La polonaise peu après sera dansée par les mêmes, habillés en cowboys à moitié dénudés… avant que n’apparaissent, dans la fin de l’opéra, une
nuée de travestis… qui n’étaient autres que les cow-boys recyclés…
La scène suivante se déroule, sans équivoque, dans une chambre
d’hôtel anonyme où, côte à côte, se retrouvent, dans le même lit, Onegin et
Lenski avant que le duel n’ait lieu.

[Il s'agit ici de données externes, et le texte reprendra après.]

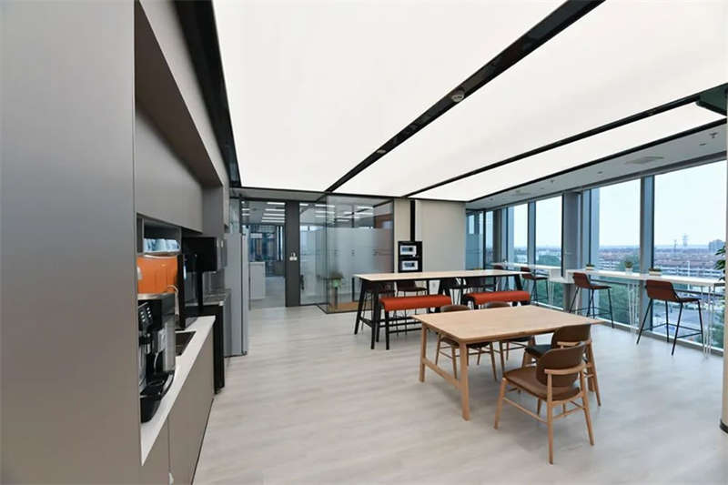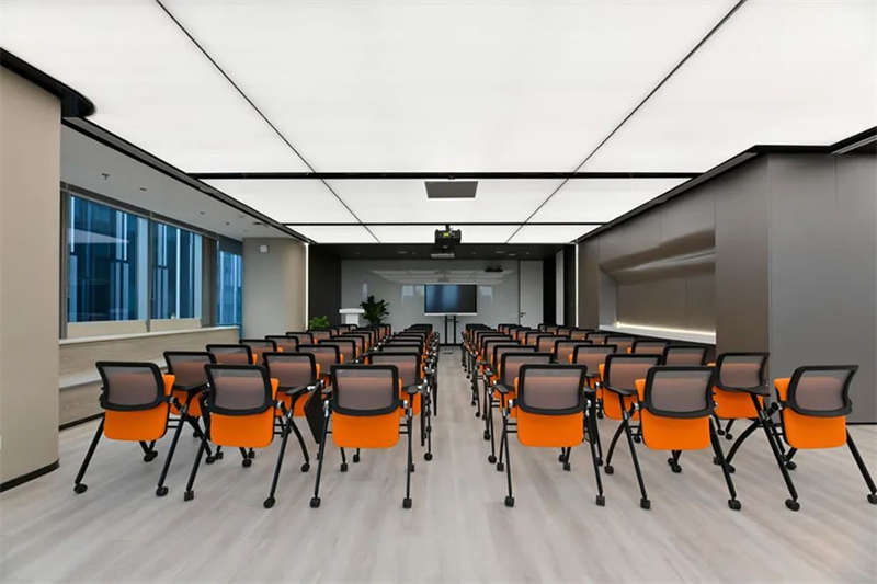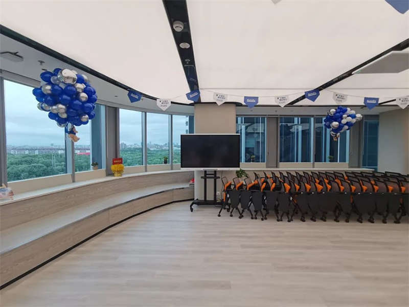 設(shè)計(jì)團(tuán)隊(duì)特意選擇了一處大型開敞的臨窗場(chǎng)地,在酷炫的3D裸眼展示室旁邊打造出了一個(gè)4S店風(fēng)格的培訓(xùn)和茶水的二合一空間,以滿足客戶快速發(fā)展的團(tuán)隊(duì)培訓(xùn)和新品發(fā)布的需求。在臨幕墻的位置,設(shè)計(jì)師原來就設(shè)計(jì)了一排沿窗的休閑階梯造型臺(tái)階,后來因?yàn)橐咔榉揽氐男枨?,把臺(tái)階內(nèi)的空間利用好,平時(shí)內(nèi)部可以儲(chǔ)藏睡袋,防疫物資,帳篷等物品。

Lenski, se déshabillant, s’offre, pour ainsi
dire, à l’arme qu’Onegin braque sur lui dans une symbolique phallique à peine
voilée.
La dimension sexuelle est ici transparente et l’on peut, à rebours,
raisonnablement penser qu’Onegin n’ait pas supporté « l’infidélité » de Lenski
qui se détachait de lui pour Olga, alors que ce dernier pensait lui donner une
compensation en la personne de Tatiana. Curieux jeu de méprise et cruel
quiproquo où finalement les jeux du désir sont inflexibles.
La suite de l’opéra est plus respectueuse de son déroulement habituel
où Onegin ne parvient pas à convaincre Tatiana de quitter l’homme dont, entre
temps, elle s’est éprise pour vivre avec lui une vie confortable.
Incontestablement, le metteur en scène veut jouer de l’homosexualité
de Tchaïkovski pour tenter de mettre en lumière la manière dont elle se trouve
en correspondance et en lien dans l’œuvre dramatique du compositeur. C’est un
point de vue !
Le seul rapprochement que l’on peut faire – mais il est hautement
artificiel − tient à la relation du compositeur avec sa bienfaitrice Madame Von
Meck . En 1890, sa mécène Nadejda Von Meck rencontre des problèmes
financiers et ne peut plus lui allouer la pension de 6000 roubles qu’elle lui
versait mensuellement. Toutefois cette décision, pour objective qu’elle
apparaisse, cache des motivations plus sombres. La vraie raison serait en fait que
la richissime Mme von Meck aurait été profondément choquée par la découverte
de l’homosexualité du compositeur et aurait donc brusquement décidé de rompre
leur correspondance. Il est aussi probable qu’elle souhaitait marier une de ses
filles au compositeur, projet incompatible, auquel elle dut renoncer. Cet épisode
frappe durement Tchaïkovski.
Il est alors possible de trouver des liens entre cet épisode historique et
les décours de l’intrigue de l’opéra. Mais ces assertions ont un « sens
secondaire » où les choses semblent se coordonner correctement et logiquement,
mais ne peuvent être véritablement admises comme ayant été à l’origine du
processus créateur de l’écriture.
Un casting vocal époustouflant : Anna Netrebko, au plus haut et très concentrée
sur son chant, est magnifique de d’un bout à l’autre. C’est un des rôles fétiches
de l’artiste, même si l’écriture de la lettre à Onegin se fait devant un dictaphone
et en petite combinaison !!!
Onegin porté par Mariusz Kwiecien, plus à l’aise à partir du bal qu’au
début. C’est aussi un habitué du rôle que l’on peut retrouver sur le DVD du Met
aux côtés d’Anna Netrbko et Piotr Beczala.
Pavol Bresnik – qui passait sans repos d’Edgardo à Lenski pour
remplacer Alexey Dolgov – est aussi brillant dans l’un comme dans l’autre
répertoire, même si le poids du rôle de la veille se faisait un peu sentir à la fin de
l’opéra. C’est en plus un acteur convaincant.
Un Monsieur Triquet – Ulrich Reb – dont on ne comprenait pas un
mot du texte français qu’il chantait… mais qu’importe à des spectateurs non
francophones…
Une direction musicale de Leo Hussain juste et précise qui dirigeait
admirablement et les chanteurs et les chœurs du Bayerische Stattsoper.